Once he’s installed as President, though he refuses to live in the White House and instead lives in the top floor of a Washington hotel, Windrip begins his plan to consolidate power and remove the checks and balances that keep things functioning. First he arrests and imprisons the Reverend that helped push him over the finish line, then all of the congresspeople from the opposing party. After those steps, Windrip then breaks the country down into 8 districts with their own governors and Minute Man police forces. Creates a new singular political party “the Corpos” and taken control of all facets of the economy, military, and education.
This is when the US has gone completely fascist. All of the people who were hard Windrip supporters march and threaten everyone else that payback time is coming. This includes Shad Ledue who already has an axe to grind with Doremus Jessup because of the way pre-Windrip society was organized, Jessup was Ledue’s boss and their relationship has always been somewhat fraught. Shad Ledue wasn’t a great handyman but Doremus kept him employed partly out of a sense of pity.
With Ledue in power now as the regional Commander of the Minute Men he has the ability to torment Jessup and his family. But for now the Minute Men have more important work than tormenting Doremus Jessup, they are rounding up communists and social agitators, social democrats, and eventually anyone from the opposition party and sending them to work camps. Once in the camps the workers are leased out to industry and paid a dollar per day, 90 cents of which is taken for room and board. Whole families of the unemployed are relocated this way.
Very shortly afterward the government open concentration camps to house political prisoners that the Windrip administration uses for propaganda purposes. They make films of the camps where the inmates are “gently re-educated” into patriotic Americans. Speak highly of the food and the necessary work, etc… When in reality they are hard labor prisons and the sadistic guards torture and beat the inmates to force them to reveal the names of potential enemies of the state.

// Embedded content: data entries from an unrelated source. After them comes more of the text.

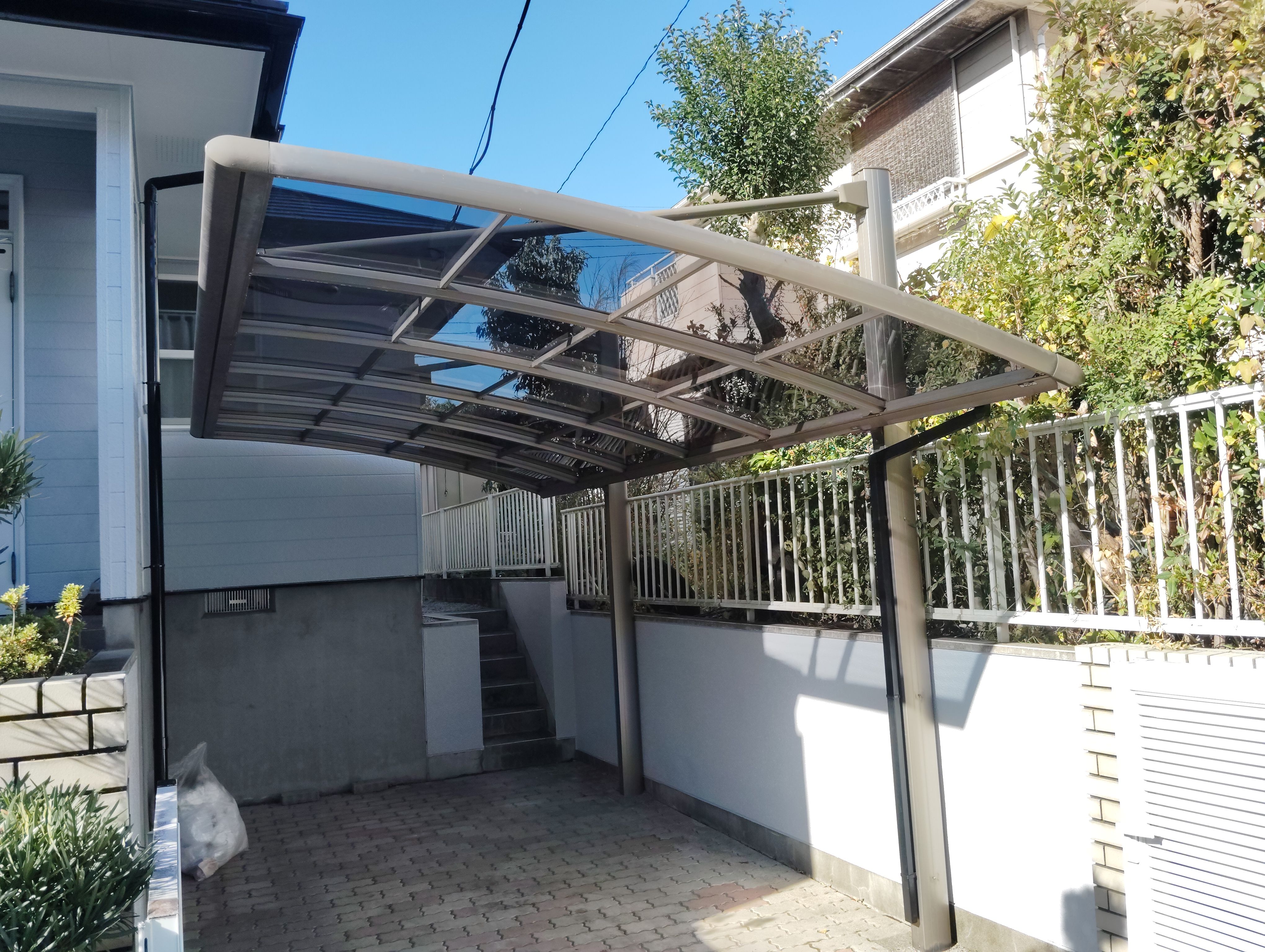 カーポートのポリカーボネート板を交換いたしました。交換する前は白く変色して変形してしまっていた屋根部分が新しくなり とても綺麗になりました。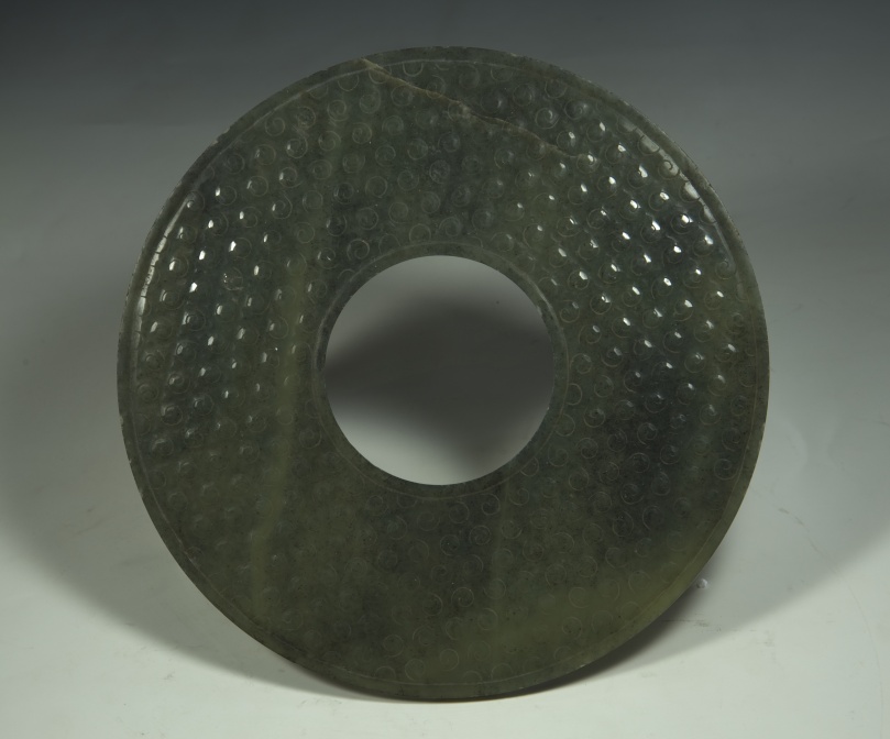 戰(zhàn)國(guó)·谷紋玉璧,直徑21.9厘米,厚0.7厘米。器扁平,圓形,晶瑩溫潤(rùn),兩面均飾淺浮雕谷紋。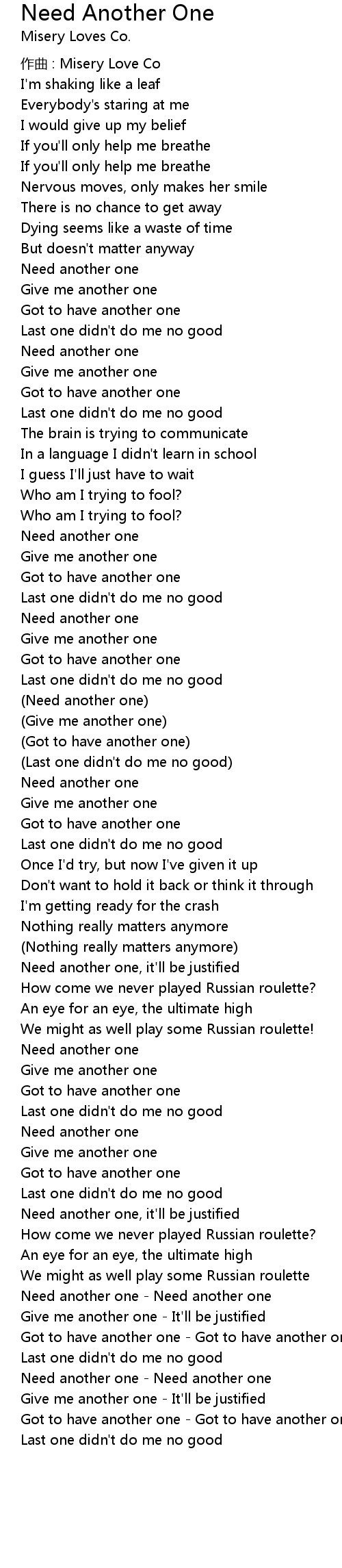| Song | Need Another One |

Jessup decides to quit the paper but he is arrested and taken into a “trial” before the magistrate Effingham Swan because of an editorial he wrote that was critical of Buzz Windrip. Swan tells that Jessup that he would like to kill him but he is going to remain free for now so he can train up another editor to take over the paper. During this hearing, Jessup’s son in law is brought in and threatens Effingham over the whole situation. Effingham has him taken outside and shot.
Jessup returns home. Mary learns that her husband is dead and her child has no father. She falls into a great, deep, silence and stays that way for a lot of the novel. Emma doesn’t really care about the state of the politics of the world and is, like always, more concerned with keeping a nice home and having friends. Jessup returns to the paper and begins training his replacement. During this time Shad Ledue continues to torment the family. He arrests and/or beats several of the smaller characters from the beginning of the story including Karl Pascal. Karl, as we learn quickly, is a communist and they are the first real targets of the Minute Men.

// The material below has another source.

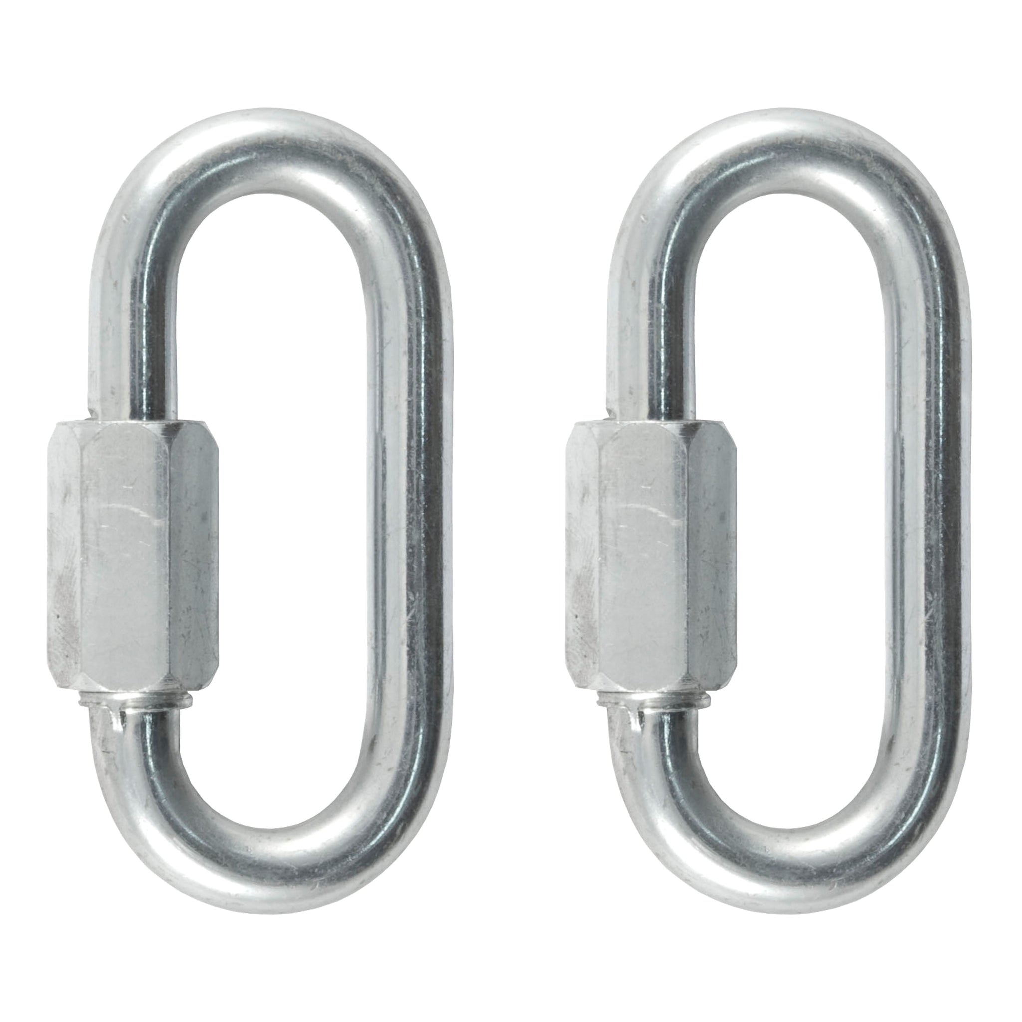 CURT quick links are an extremely versatile and reliable tool to help you get to your destination and go a little further once you get there. A quick link is essentially a hook that is able to be fastened into a closed loop. This means it can be linked onto any D-ring or tie-down like a hook and just as easily secured like a seamless link in a chain. CURT quick links feature a special threaded end and barrel screw that allow them to be dependable and convenient. The threaded link requires no tools for tightening or loosening, though it does feature a hex shape that can accept a wrench for an extra tight hold. Quick link hooks can be used to connect rope, cable and chain, and they are the perfect safety accessory to maximize the security of your safety chains and trailer. Their list of possible applications also goes well beyond towing, giving you a reliable connection for rock climbing, boating, camping, setting up a swing or hammock, leashing the dog, repairing chain, fastening down cargo and more. To make sure our quick links are fit to face the outdoors and all of your undertakings, we construct them from heat-treated steel and give them a zinc-plated finish for durability and rust resistance. These CURT quick links feature a max load capacity of 1,760 lbs. and features a 5/16" diameter link.

Let’s speed this up. Things get bad enough that one of Jessup’s friends suggests that he, Sissy, and Emma flee to Canada. With the expectation that he’ll be scooped up and shot in the head like his son in law, Jessup agrees. After a harrowing trip north in a blizzard the group is unable to get over the border and returns home.

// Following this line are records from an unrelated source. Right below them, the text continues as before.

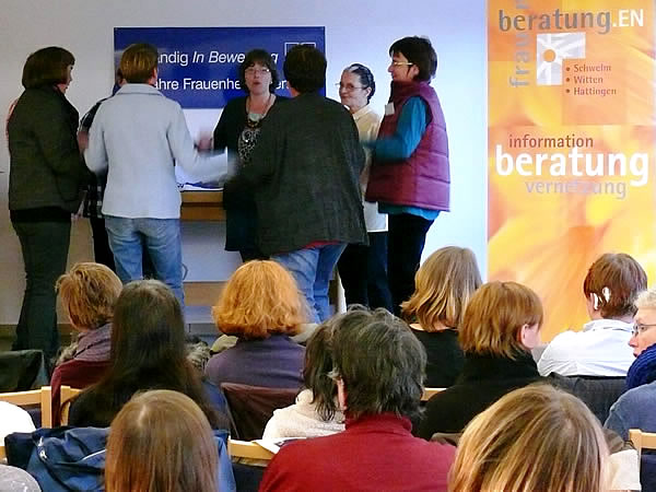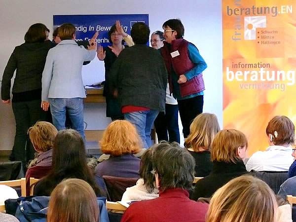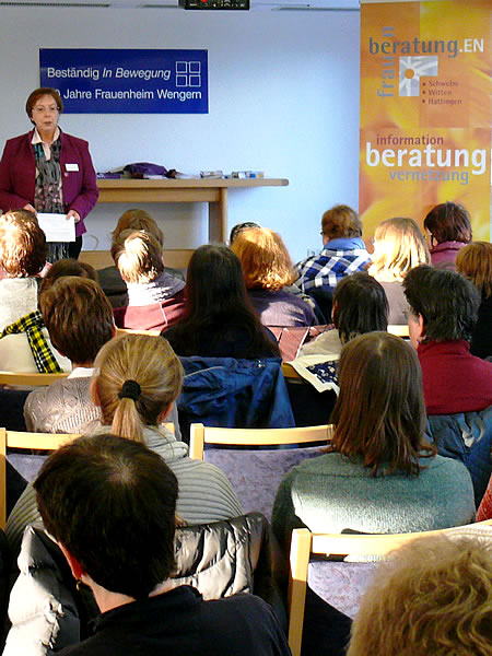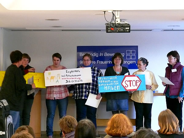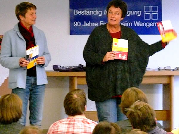 Marion Steffens und Andrea Stolte (GESINE-Netzwerk Gesundheit.EN - Intervention gegen Häusliche Gewalt) stellten in der Veranstaltung auch ihre dritte Broschüre in leichter Sprache mit dem Titel „Gewalt macht Frauen krank!“ vor. Annika Nietzio, Büro für Leichte Sprache, übersetzte diese Informationen für Frauen. Ihren Entwurf hatte die Zeitungsgruppe „Regenbogen“ des Frauenheims auf Verständlichkeit gegengelesen. Diese Broschüre „tut vielen gut“, so Andrea Stolte bei der Präsentation.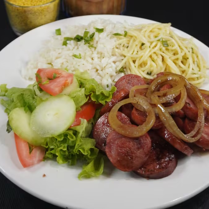 Saboreie a Calabresa Acebolada, servida com arroz, macarrão, salada, farofa e feijão, proporcionando uma experiência gastronômica rica e marcante.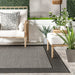 Whoever said beautiful floor accents are only for inside the home hasn’t yet met this contemporary indoor/outdoor area rug. This floor covering has neutral hues that is designed to blend seamlessly with any of your current décor and made with durable fibers to last for years to come. Place this rug in your dining room or on your patio to tie together your space. Kick back and relax with our easy to care for and pet-friendly area rugs.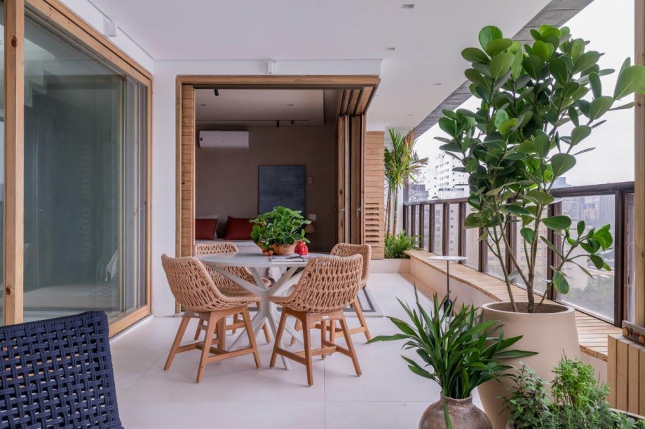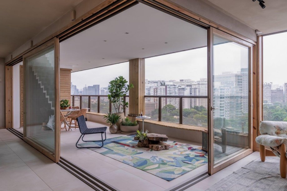 Grandes janelões de madeira proporcionam ampla iluminação natural no apartamento da arquiteta Helô Marques

Jessup’s son visits and spends all of his energy trying to talk his father into supporting president Windrip. Jessup decides then that he may not be able to break the government but he can’t sit back and do nothing. He gets some help from his friends and steals an old manual printing press from the newspaper basement and sets it up in the basement of one of their homes. They begin printing pamphlets criticising the government and distributing them around the state. Employing Sissy and her potential boyfriend, Mrs. Candy even, and others, the pamphlets give them all a sense of purpose.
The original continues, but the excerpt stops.